Scattering amplitudes are fundamental objects in any quantum field theory. They describe probabilities of interactions of elementary particles. The standard method to calculate amplitudes is using Lagrangians and Feynman diagrams. This universal method suffers from huge redundancies when applied in gauge theories in gravity. In the modern powerful approaches like unitarity methods or recursion relations these redundancies are absent. In last few years there has been an increasing number of evidence that there exist a completely new formulation of physics using abstract mathematical objects. In the case of maximally supersymmetric Yang-Mills theory in planar limit it was showed that scattering amplitudes can be calculated of volumes of polytopes in abstract high dimensional spaces. The physical principles like unitarity and locality are derived from the underlying geometry. This discovery can shed new light on perturbation theory, and it might possibly lead to new more geometric reformulation of quantum field theory.
For a complete list of my papers see the INSPIRE link.
Recent discoveries
In 2012 we published a long paper on the relation between scattering amplitudes in planar N=4 SYM and positive Grassmannian. In this paper we defined new set of kinematical functions, on-shell diagra
ms, and we showed that cuts of the amplitude as well as the recursion relations can be formulated in this language.
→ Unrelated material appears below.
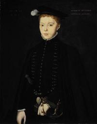 | Keywords: people indoor monochrome Henry Stuart, 1st Duke of Albany (7 December 1545 – 10 February 1567), commonly known as Lord Darnley, was a Prince Consort of Scotland, the first cousin and second husband of Mary I, Queen of Scots, and the father of her son King James VI, who also succeeded Queen Elizabeth I as King James I of England. Darnley was born in 1545, at Temple Newsam, Leeds, in the West Riding of Yorkshire, England, the son of the 4th Earl of Lennox, and his wife, Margaret Douglas. His father lived in exile in England for 22 years, returning to Scotland in 1564.[1] Darnley was related to his future wife in at least four ways: they shared a grandmother in English princess Margaret Tudor (Mary descending from Margaret's marriage to James IV of Scotland, Darnley from Margaret's marriage to Archibald Douglas, 6th Earl of Angus), putting both Mary and Darnley high in the line of succession for the English throne; Darnley was a descendant of a daughter of James II of Scotland and thus also in line for the throne of Scotland; both were descendants of Joan Beaufort, Queen of Scotland (Mary through Joan's marriage to James I of Scotland, Darnley through her marriage to Sir James Stewart, the Black Knight of Lorn); and Darnley's family surname was due to a much more ancient connection to his male-line ancestor, Alexander Stewart, 4th High Steward of Scotland. The marriage took place on Sunday 29 July 1565,[2] in the Chapel-Royal of Palace of Holyroodhouse in Edinburgh. On the 30 July Darnley was given the title of King of Scots at a proclamation published at the Cross of Edinburgh,[3] but he was King Consort only, with no royal powers. His marriage to Mary, Queen of Scots, was a disaster. Darnley was three years younger than Mary (their birthdays were only a day apart) and not particularly mature. He was unpopular with the other nobles and had a mean and violent streak, aggravated by a drinking problem.[4] Within a short time, Mary became pregnant, but Darnley grew more and more demanding. His jealousy of Mary's private secretary, David Rizzio, by whom it was said that Mary had become pregnant, culminated in the bloody murder of the latter by Darnley and a group of his supporters, in the presence of the queen herself at The Palace of Holyroodhouse, Edinburgh. Archibald Douglas, Parson of Douglas, subsequently secured pardons for all those involved. Following the birth of their son, the future James VI, the succession was more secure; in late 1566 and early 1567, Darnley and Mary appeared to be close to reconciliation, as she was often seen visiting his chambers. But Darnley was unpopular and petulant and offended many who should have been his natural supporters, and Mary became frustrated at his insistence that he be awarded the Crown Matrimonial. There was also some evidence that he suffered from syphilis.[4] On 10 February 1567, the bodies of Darnley and his servant at the time were discovered in the gardens of the Hamiltons' house, Kirk o' Field, Edinburgh, where they had been staying. Darnley was dressed only in his nightshirt, suggesting he had fled in some haste from his bedchamber. A violent explosion had occurred that night at the house, but the evidence pointed to Darnley escaping attempted assassination, only to be murdered when he got outside. There was strong evidence that Darnley and his valet had been strangled and that the explosion was set as an attempt to cover up the murders. Suspicion fell on the Earl of Bothwell and his supporters, notably Archibald Douglas, Parson of Douglas, whose shoes were found at the scene, and upon Mary herself. Bothwell later "abducted" Mary, and held her for a week, at the end of which she agreed to marry him. Darnley's death was a key event in the downward spiral that led to her loss of the Scottish crown. Henry Stuart, 1st Duke of Albany (7 December 1545 – 10 February 1567), commonly known as Lord Darnley, was a Prince Consort of Scotland, the first cousin and second husband of Mary I, Queen of Scots, and the father of her son King James VI, who also succeeded Queen Elizabeth I as King James I of England. Darnley was born in 1545, at Temple Newsam, Leeds, in the West Riding of Yorkshire, England, the son of the 4th Earl of Lennox, and his wife, Margaret Douglas. His father lived in exile in England for 22 years, returning to Scotland in 1564.[1] Darnley was related to his future wife in at least four ways: they shared a grandmother in English princess Margaret Tudor (Mary descending from Margaret's marriage to James IV of Scotland, Darnley from Margaret's marriage to Archibald Douglas, 6th Earl of Angus), putting both Mary and Darnley high in the line of succession for the English throne; Darnley was a descendant of a daughter of James II of Scotland and thus also in line for the throne of Scotland; both were descendants of Joan Beaufort, Queen of Scotland (Mary through Joan's marriage to James I of Scotland, Darnley through her marriage to Sir James Stewart, the Black Knight of Lorn); and Darnley's family surname was due to a much more ancient connection to his male-line ancestor, Alexander Stewart, 4th High Steward of Scotland. The marriage took place on Sunday 29 July 1565,[2] in the Chapel-Royal of Palace of Holyroodhouse in Edinburgh. On the 30 July Darnley was given the title of King of Scots at a proclamation published at the Cross of Edinburgh,[3] but he was King Consort only, with no royal powers. His marriage to Mary, Queen of Scots, was a disaster. Darnley was three years younger than Mary (their birthdays were only a day apart) and not particularly mature. He was unpopular with the other nobles and had a mean and violent streak, aggravated by a drinking problem.[4] Within a short time, Mary became pregnant, but Darnley grew more and more demanding. His jealousy of Mary's private secretary, David Rizzio, by whom it was said that Mary had become pregnant, culminated in the bloody murder of the latter by Darnley and a gro

The surprising part was the connection between these objects with the cells in the positive Grassmannian and permutations. In addition to being a fascinating connection it also proved that all singularities of amplitudes are logarithmic.
One year later, we found that this picture can be further generalized and the amplitudes can be calculated as volumes of Amplituhedron which is a generalization of the positive Grassmanian, not yet studied by mathematicians. This step removed rest of the physical intuition and defined the amplitude in abstract mathematical terms.
More recently, I have been working on the refinement of the amplituhedron picture for the logarithm of the amplitude (which exhibits a mild IR divergence) using negative geometry expansion which allows us to do all-loop order resummations. I have been also looking for non-planar generalizations of the Amplituhedron, this includes non-planar on-shell diagrams which might correspond to certain non-convex configurations in the Grassmannian.
I have been also very interested in the new formulations for gravity amplitudes. In particular, we found the Grassmannian formulation does extend for gravity on-shell diagrams, and more recently found some completely new formulas for certain tree-level amplitudes, and some unexpected relations between on-shell building blocks, which all point to some radically new formulation for gavity amplitudes yet to be discovered.
I also worked on the new methods how to calculate amplitudes in effective field theories. In particular, we showed that imposing soft limit behavior of scattering amplitudes fixes completely certain scalar effective field theories and we formulated new recursion relations in this context. We also applied this method to vector theories, and more recently found interesting connections to the double-copy and hidden zeroes.